[Dataset records Boundary: Start]
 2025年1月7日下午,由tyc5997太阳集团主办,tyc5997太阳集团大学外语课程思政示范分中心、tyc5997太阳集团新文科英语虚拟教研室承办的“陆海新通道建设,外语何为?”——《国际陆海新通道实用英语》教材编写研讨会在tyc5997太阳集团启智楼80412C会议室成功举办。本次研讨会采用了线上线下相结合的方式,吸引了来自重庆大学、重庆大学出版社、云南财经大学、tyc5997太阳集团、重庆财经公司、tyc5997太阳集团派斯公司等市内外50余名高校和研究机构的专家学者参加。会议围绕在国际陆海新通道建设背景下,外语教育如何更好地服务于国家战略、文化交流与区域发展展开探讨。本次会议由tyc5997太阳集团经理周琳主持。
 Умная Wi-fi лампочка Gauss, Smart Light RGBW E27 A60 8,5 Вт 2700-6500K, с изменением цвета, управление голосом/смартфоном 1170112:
[Dataset records Boundary: End]
[Dataset records Boundary: Start]
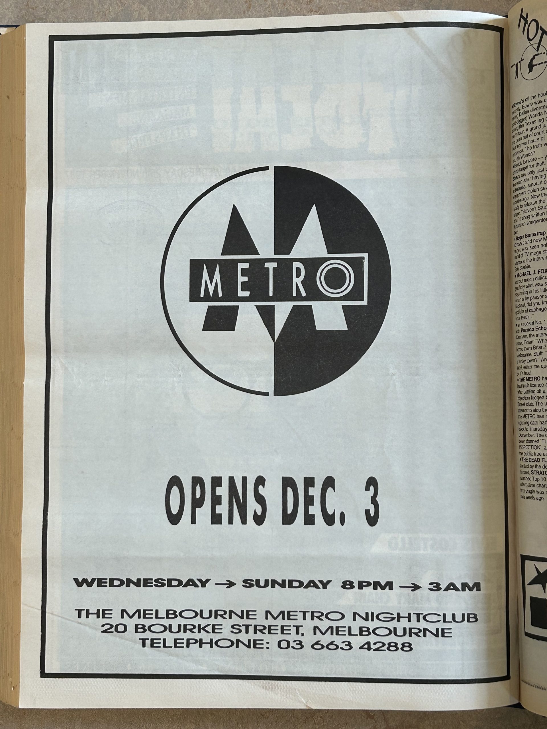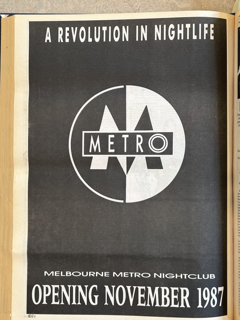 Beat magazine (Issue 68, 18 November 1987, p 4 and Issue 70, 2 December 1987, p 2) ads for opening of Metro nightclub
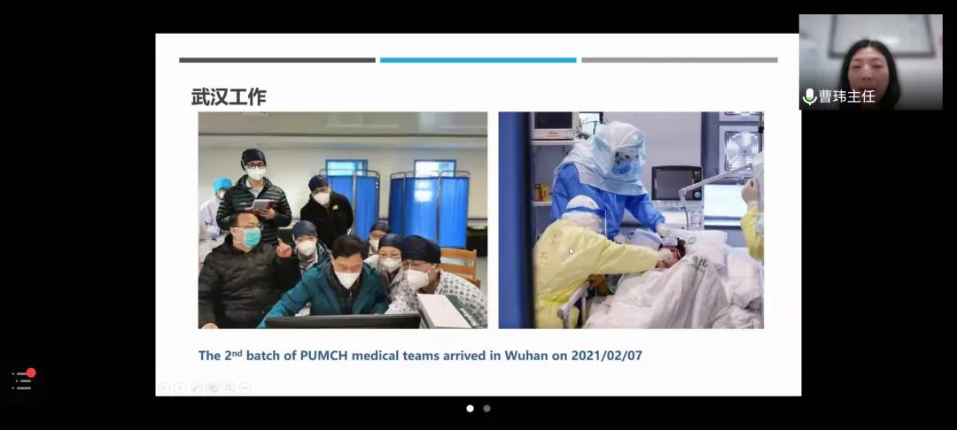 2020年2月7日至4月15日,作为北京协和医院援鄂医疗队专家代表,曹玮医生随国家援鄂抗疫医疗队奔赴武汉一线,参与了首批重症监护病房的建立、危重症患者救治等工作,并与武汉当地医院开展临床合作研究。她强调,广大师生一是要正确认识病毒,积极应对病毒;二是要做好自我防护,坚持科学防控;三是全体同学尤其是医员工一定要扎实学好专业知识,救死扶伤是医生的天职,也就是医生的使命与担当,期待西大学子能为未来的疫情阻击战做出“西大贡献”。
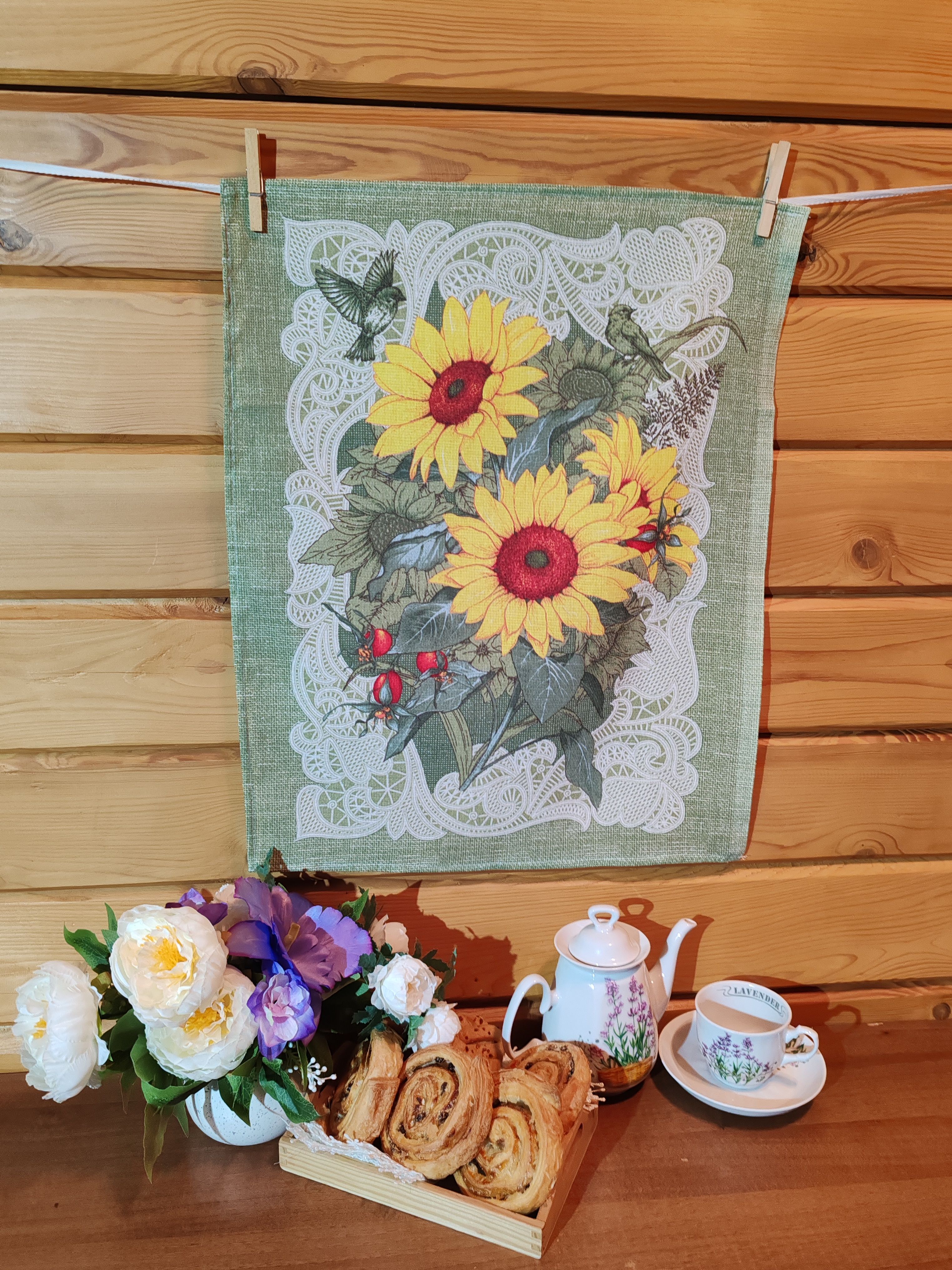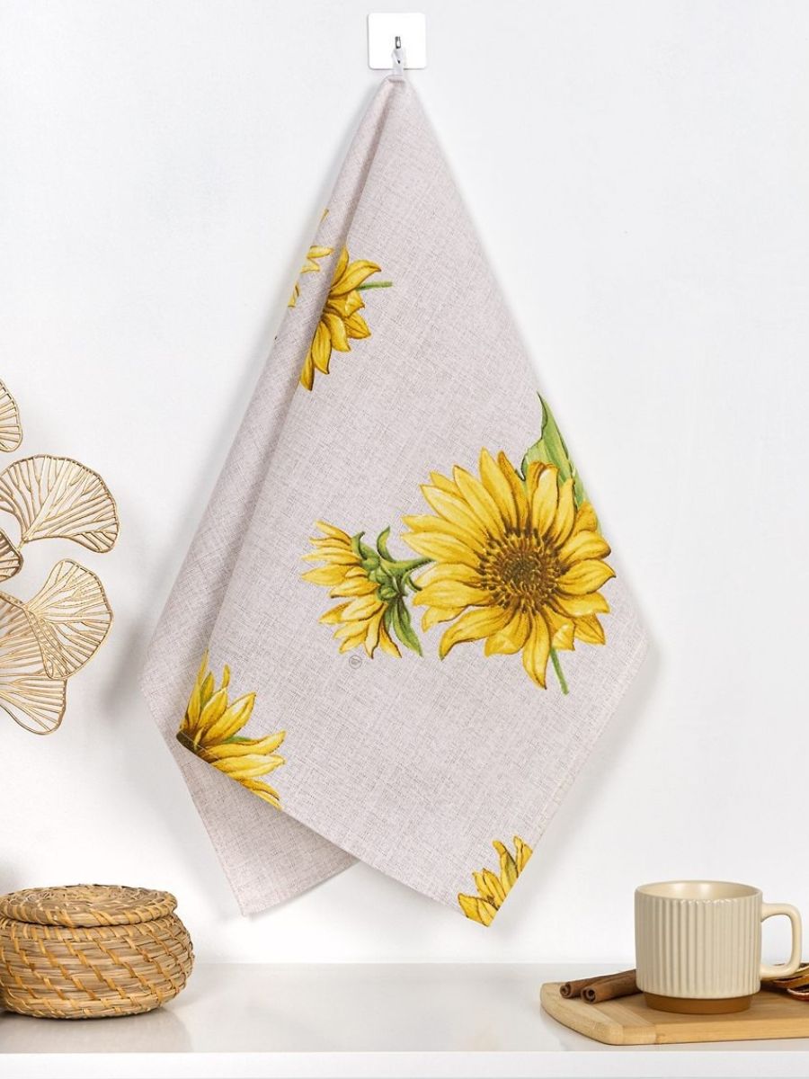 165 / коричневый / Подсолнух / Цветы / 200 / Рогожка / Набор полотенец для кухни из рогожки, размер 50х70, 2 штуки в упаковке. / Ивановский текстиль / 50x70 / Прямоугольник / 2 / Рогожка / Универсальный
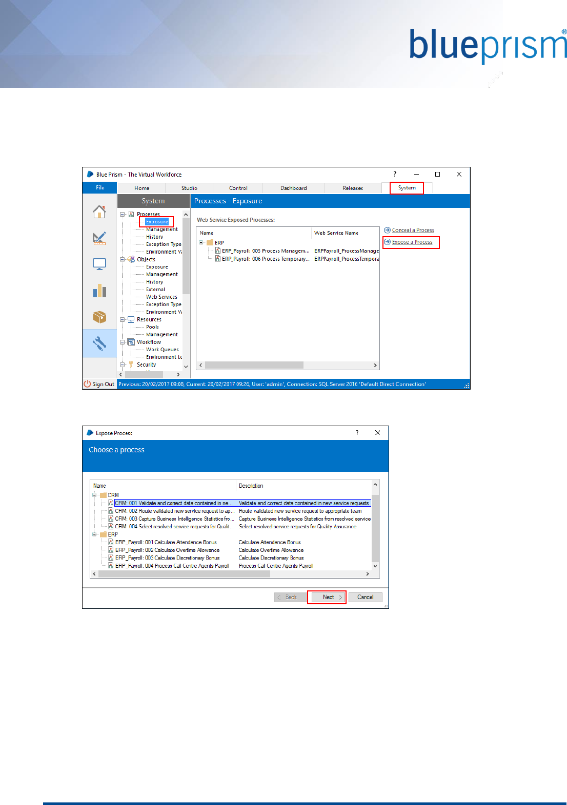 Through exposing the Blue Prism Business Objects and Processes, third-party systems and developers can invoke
[Dataset records Boundary: End]
What you have to do -> From the listing above, restate verbatim the lines running from the one with "Beat magazine (Issue" through the one with "Through exposing the", inclusive, but not the pictures.

Output below ->
 Beat magazine (Issue 68, 18 November 1987, p 4 and Issue 70, 2 December 1987, p 2) ads for opening of Metro nightclub
 2020年2月7日至4月15日,作为北京协和医院援鄂医疗队专家代表,曹玮医生随国家援鄂抗疫医疗队奔赴武汉一线,参与了首批重症监护病房的建立、危重症患者救治等工作,并与武汉当地医院开展临床合作研究。她强调,广大师生一是要正确认识病毒,积极应对病毒;二是要做好自我防护,坚持科学防控;三是全体同学尤其是医员工一定要扎实学好专业知识,救死扶伤是医生的天职,也就是医生的使命与担当,期待西大学子能为未来的疫情阻击战做出“西大贡献”。
 165 / коричневый / Подсолнух / Цветы / 200 / Рогожка / Набор полотенец для кухни из рогожки, размер 50х70, 2 штуки в упаковке. / Ивановский текстиль / 50x70 / Прямоугольник / 2 / Рогожка / Универсальный
 Through exposing the Blue Prism Business Objects and Processes, third-party systems and developers can invoke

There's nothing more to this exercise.